A ratos ruidosa como una multitud, a ratos silenciosa y fría como la muerte, la lluvia nos sigue acompañando desde hace cuatro días. Esta sucesión interminable de pequeñas agujas acuosas tiene el poder, por acumulación, de arruinar una fiesta. Pero esta vez no me ha importado. Hace años que la celebración de la ermita de mi pueblo ha dejado de emocionarme. Cuando era niña, ese día disfrutaba explorando la montaña con mis amigos. Ahora, ha pasado a ser un día más de comilona en familia pero en versión campestre.
La lluvia en primavera no me disgusta tanto como en otoño; tal vez porque vamos de cara al verano y la considero una molestia necesaria para que llegue el buen tiempo. Además la lluvia me predispone al recogimiento y a la reflexión, y eso le ha venido bien a mi efervescente cabeza. También he aprovechado para leer; en mi mesa se acumulan los libros pendientes, y eso que estoy leyendo tres a la vez.
Por fin me he acostumbrado a mis gafas nuevas y ya me reconozco cuando me veo en los espejos. A mí madre, cosa que no me esperaba, le han gustado mucho. Dice que ahora luzco "más moderna".
Ella y mi padre llegaron el viernes de su primer viaje del Imserso. Mi padre disfrutó de la experiencia, pero mi madre ya ha asegurado que éste ha sido su primer y último viaje, dice que no está para estos trotes. Como una gran nube negra, la negatividad de mi madre siempre está dispuesta a tapar el sol más radiante. Me exaspera su pesimismo. Creo que por eso -y por supervivencia- he desarollado un sentido del optimismo tan acusado.

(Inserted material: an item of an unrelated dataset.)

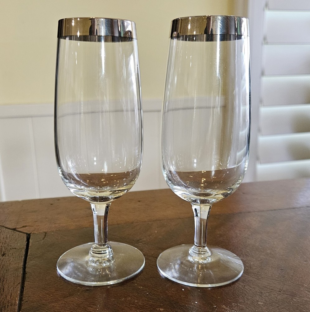 2 MCM Dorothy Thorpe Silver Rim Champagne Flutes 6" Short Stem Tapered Wine Glasses

Por mi parte, le expliqué lo del concurso de relatos y que quedé finalista. La respuesta de mi madre: ninguna. Ese silencio, en su caso, es más positivo que negativo: mi madre es parca en halagos pero generosa en la crítica. Y aunque hace tiempo que he asumido que nunca podré satisfacerla, ni ser la hija que ella esperaba, una parte de mí -cada vez más menguante- sigue esperando que algún día se sienta orgullosa de mí.